Once a claim has been presented to the federal agency and has been denied by them, any action initiated by the claimant in any court of law shall not be for a sum greater than the actual claim that was presented to the federal agency. However, this is subject to the discovery of any new evidence that might result in an increase in the initially claimed damages. Also, the disposition of claims by the designated heads of the federal agencies is not deemed competent evidence for the acceptance of the liability by the concerned federal agency. 

Compromise

The Attorney General of the concerned state where the tort has been committed has the authority to call for arbitration between the claimant and the government. Further, he is also authorised to compromise and settle the claims arising out of the tortious acts of the employees of the United States government. 

Attorney fees and penalties

This provision prohibits attorneys from charging more than 25% of any award or compromise or settlement which has arisen out of a claim for tortious acts of government employees. If an attorney charges an amount in excess of 25% of the amount, he is liable to pay a fine of $2000 or may be subject to imprisonment for more than one year or both. 

Exclusiveness of the remedy

This provision states that the authority of the claimants to sue the federal agencies to realise their claims under the provisions of this Act is limited to the offences under this act. The federal agencies are immune from being sued under the provisions of any other act for the tortious liability of their employees. Also, the claimants cannot seek any other remedy other than what has been provided under the Act. 

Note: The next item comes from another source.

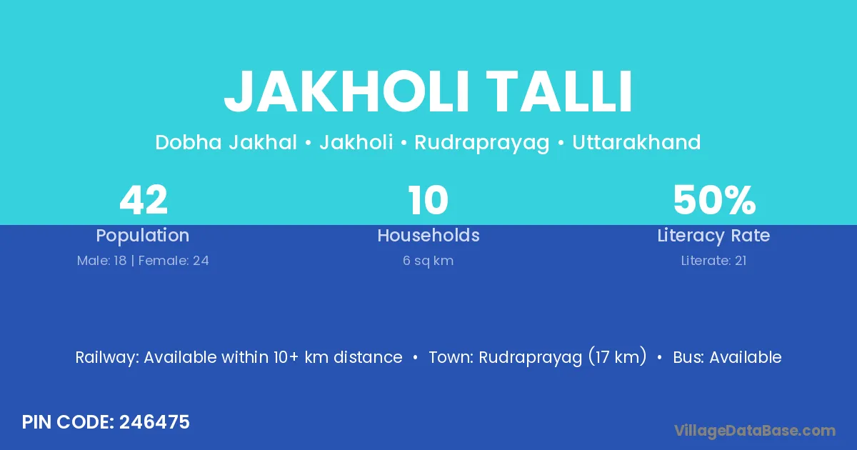 Rudraprayag (17 km) is the nearest town to Jakholi Talli village for major economic activities and is located approximately 17 km away.

It further provides that no claim can be raised against an employee of the government or his estate in an individual capacity, even if such employee has committed a tort against the claimant. However, this does not bar any individual from instituting a suit against an employee of the government for the violation of the United States Constitution or for the violation of any statute of the United States. 

The Attorney General of the concerned state where the tort was committed is authorised to deal with any case that is instituted against the government employees or their estate in an individual capacity. While dealing with such cases, the Attorney General shall first provide evidence as to the fact that the crime was committed by a government employee in the course of his employment while in the line of duty. Once this has been proved by the Attorney General, the case leveled against the government employee shall be deemed to have been leveled against the government of the United States.

If the Attorney General refuses to provide evidence for the same, the government employee in question has to provide evidence for the same during the trial. Once the Court is satisfied that the tort was committed by the employee in the course of his employment while he was in the line of duty,  the case leveled against the government employee shall be deemed to have been leveled against the government of the United States and the government of the United States will be substituted as the defendant in place of the government employee in question. If the court is not satisfied with the same, the employee will be tried as any other private individual who has committed a tort.  Once the government of the United States is substituted as the defendant, the limitation period of the claim is determined. The claim is said to have been filed during the limitation period if it was filed on the same date on which the tort was committed and the claim was presented to the concerned federal agency within 60 days of the dismissal of the civil action. However, the Attorney General may choose to settle the claim at the stage of the civil action instituted against the tortfeasor. 

Exceptions

This provision provided for multiple exceptions for the application of the FTCA. The same has been enumerated below.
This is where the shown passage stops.